## Exercise
Leaving pictures aside, restate exactly the lines of the data below, from the first one through the line that contains "Based on the".

BEGIN

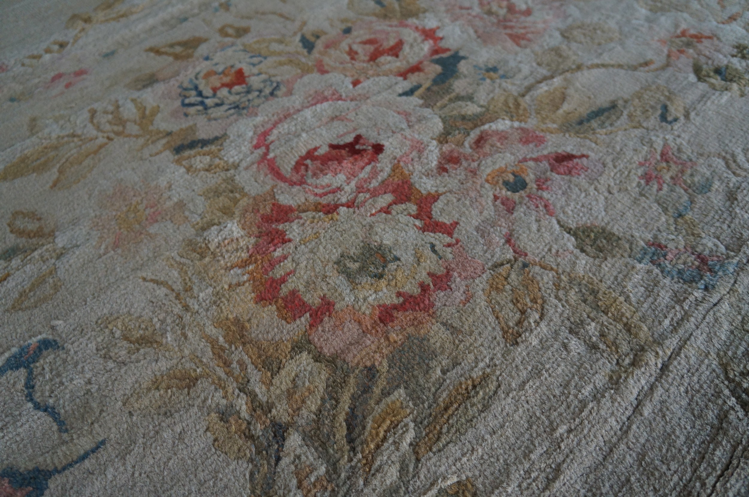 Whether placed in a grand living room, a library, or a large bedroom, this French Savonnerie carpet stands as a statement of cultural heritage, technical mastery, and timeless aesthetic appeal, resonating with the storied legacy of European decorative arts.
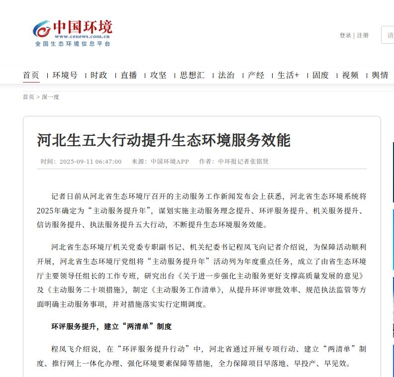 中国环境客户端:河北五大行动提升生态环境服务效能
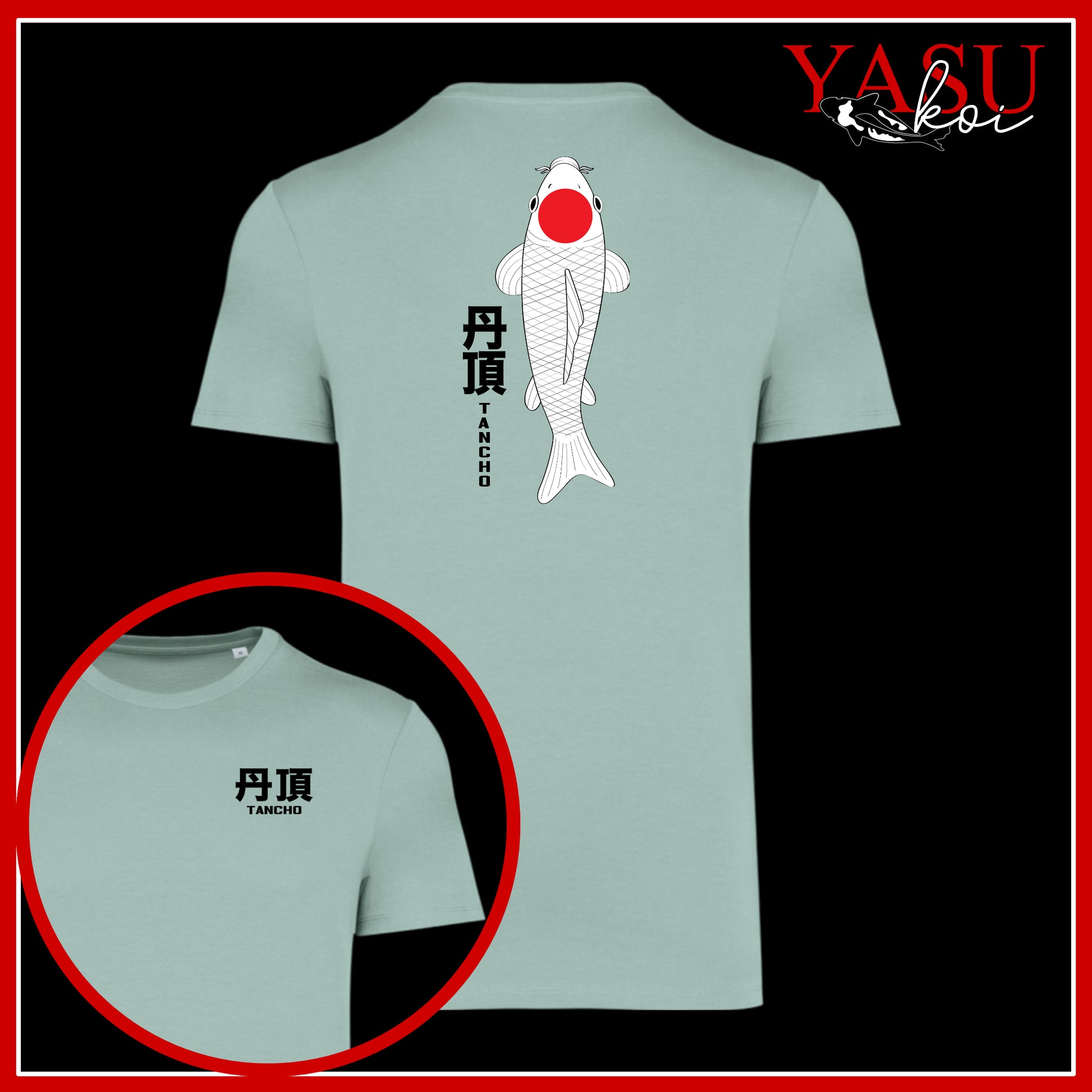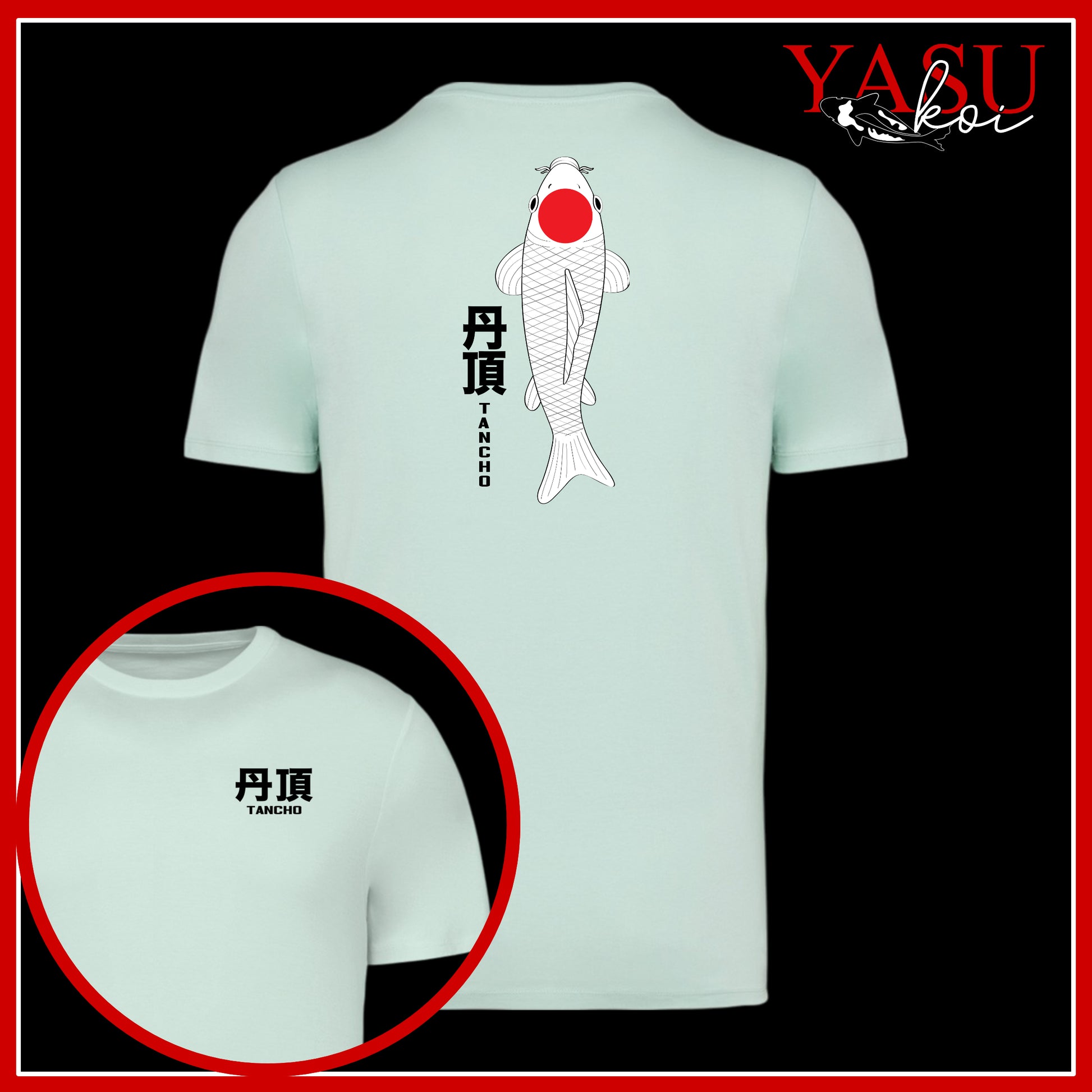 Elevate your wardrobe with our organic combed cotton t-shirt featuring a mesmerizing Tancho Koi design with Japanese wording.
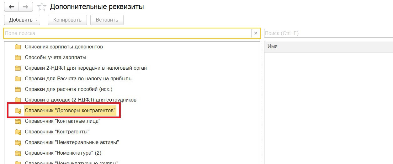 2.Найдем нужный объект - «Справочник «Договоры контрагентов».
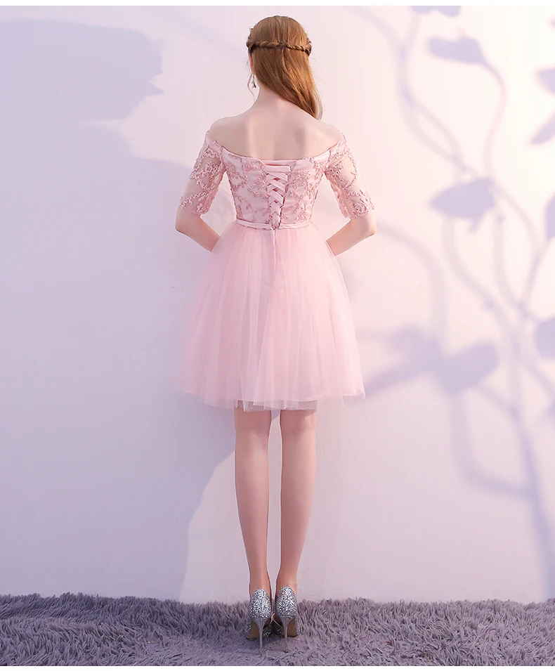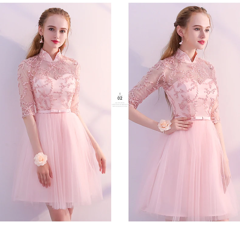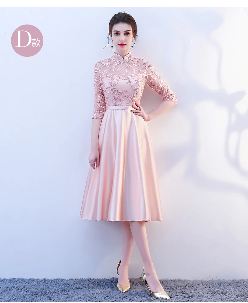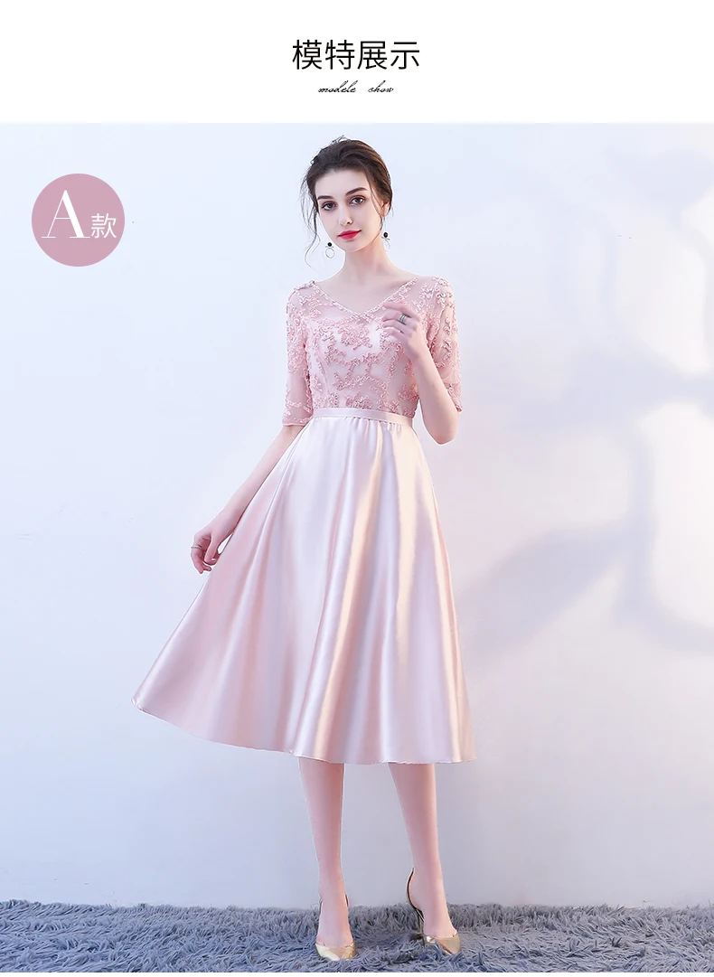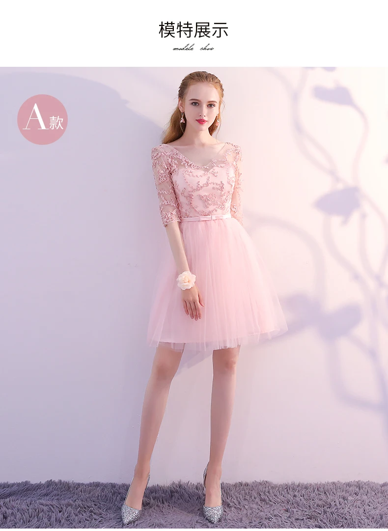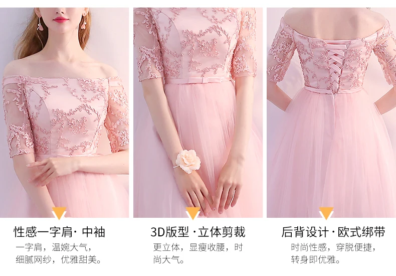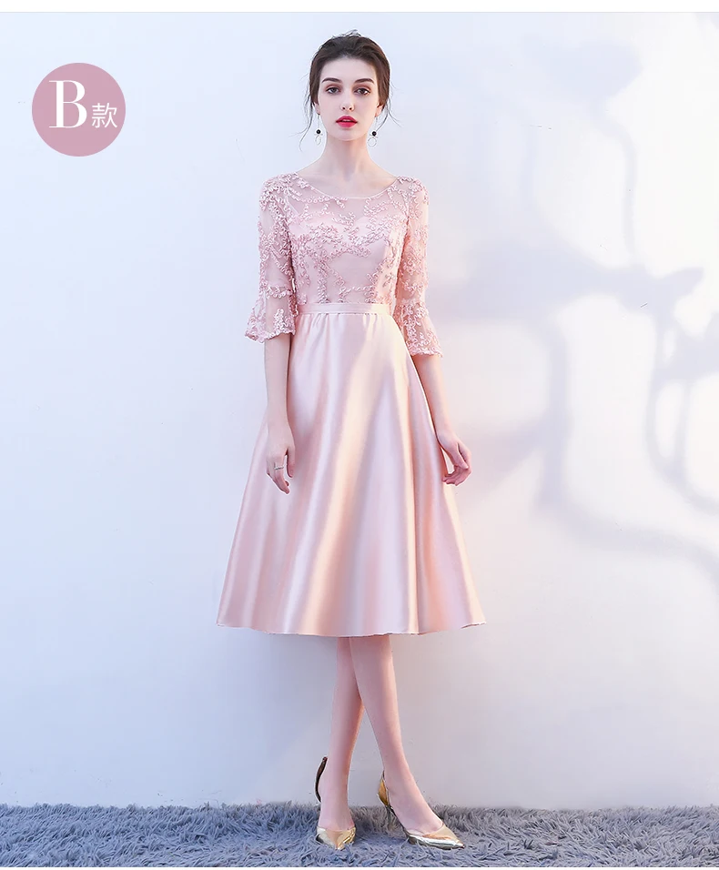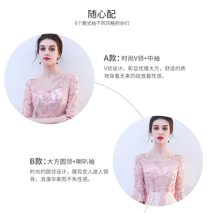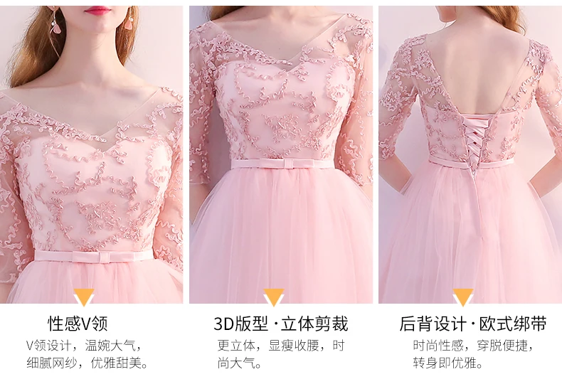 Pink Evening Dresses A-line 3 4 Sleeves Lace Beading Prom Party Dress Gown Vestido De Festa SD01 | Свадьбы и торжества
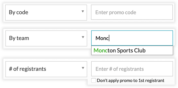 Based on the type of promotion you have selected, this input field will allow you to enter the promotional code, team affiliation, or number of registrants, as shown in the image below.
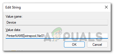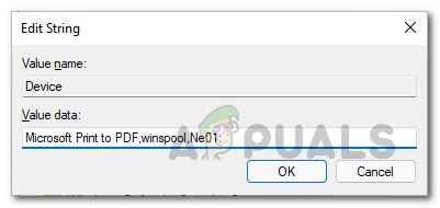 Changing Default Printer - There are three parts to the value data, each separated by a comma, and you will be changing only the first part, which is the name of your printer.
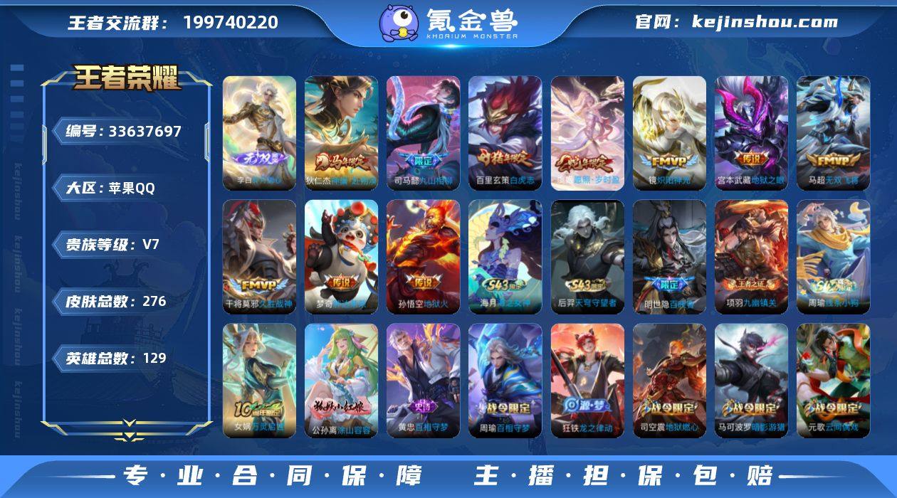 实名: 可修改 贵族等级: V7 英雄数: 129 皮肤数: 276 无双皮: 碎月剑心 传说皮: 久胜战神,炽阳神光,地狱火,地狱之眼,胖达荣荣,无双飞将,九山相柳,神骥·赴朔漠 限定皮: 遇见飞天,李小龙,时之彼端,白虎志,高山流水,猪悟能,五谷丰年,愿照·岁时盈
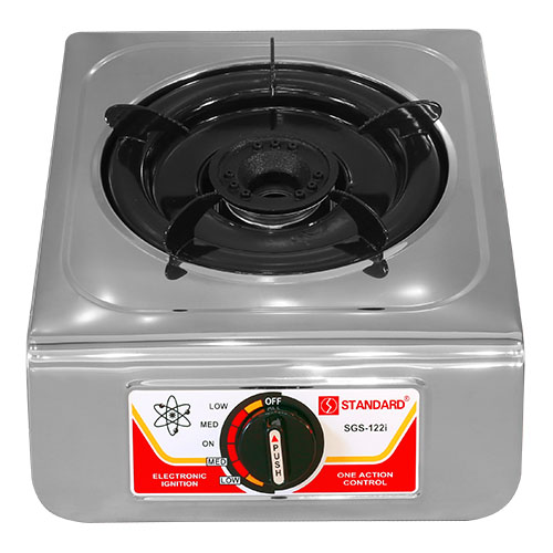 Automatic ignition Stainless top and front Removable trivet with drip pan Single detachable top burner
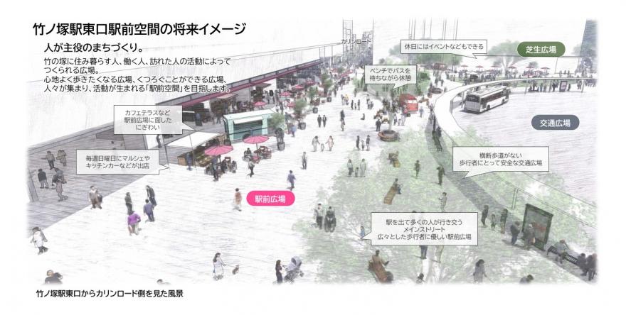 今後、イベントなどの機会に、このイメージを共有しながら皆様のご意見を伺い、駅前空間の検討を具体化していきます。
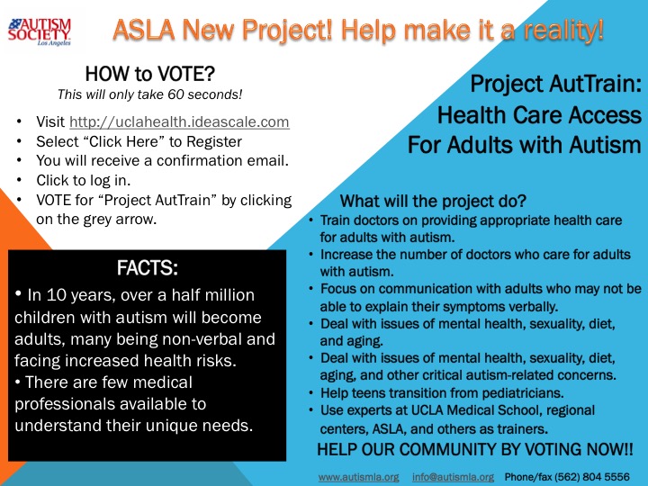 Our most exciting new initiative needs your help to make it a reality. Help by VOTING for Project AutTrain: Health Care Access for Adults with Autism – VOTE HERE (details attached below).
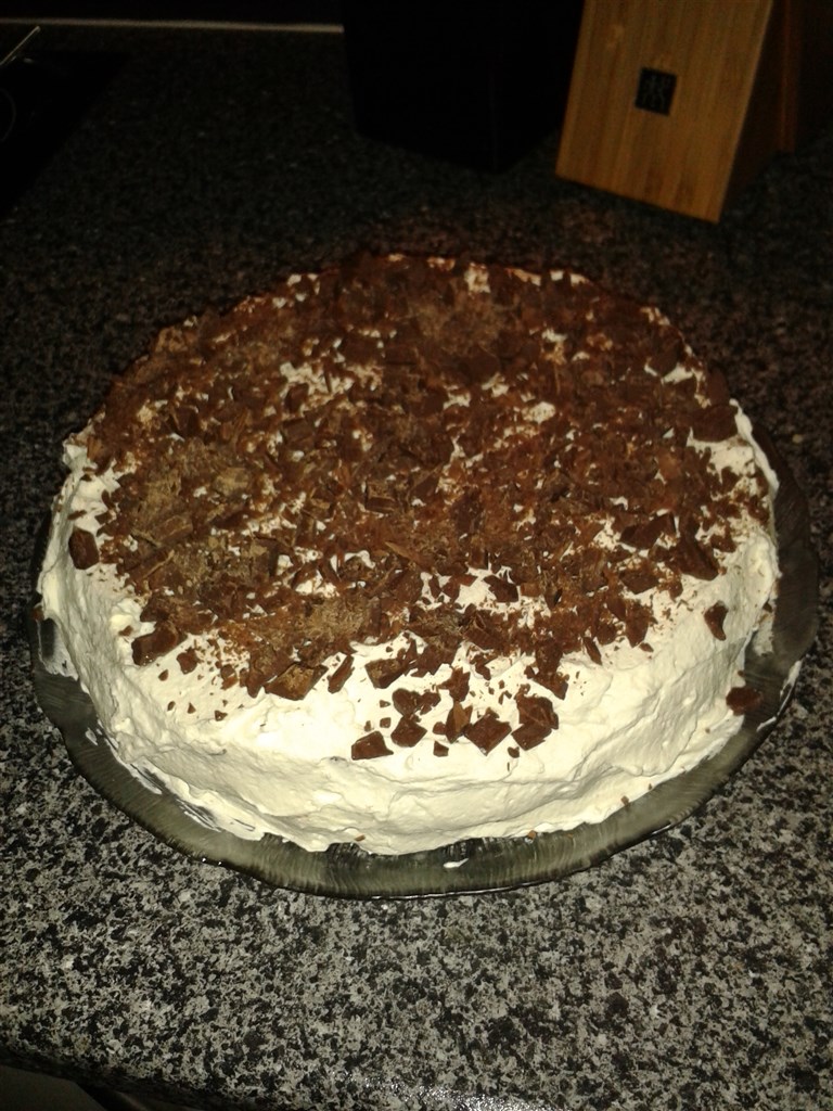 til sidst, top på med flødeskumsovertræk, og siderne pyntes med alle bundene fra flødebollerne

END

## Exercise response
 Whether placed in a grand living room, a library, or a large bedroom, this French Savonnerie carpet stands as a statement of cultural heritage, technical mastery, and timeless aesthetic appeal, resonating with the storied legacy of European decorative arts.
 中国环境客户端:河北五大行动提升生态环境服务效能
 Elevate your wardrobe with our organic combed cotton t-shirt featuring a mesmerizing Tancho Koi design with Japanese wording.
 2.Найдем нужный объект - «Справочник «Договоры контрагентов».
 Pink Evening Dresses A-line 3 4 Sleeves Lace Beading Prom Party Dress Gown Vestido De Festa SD01 | Свадьбы и торжества
 Based on the type of promotion you have selected, this input field will allow you to enter the promotional code, team affiliation, or number of registrants, as shown in the image below.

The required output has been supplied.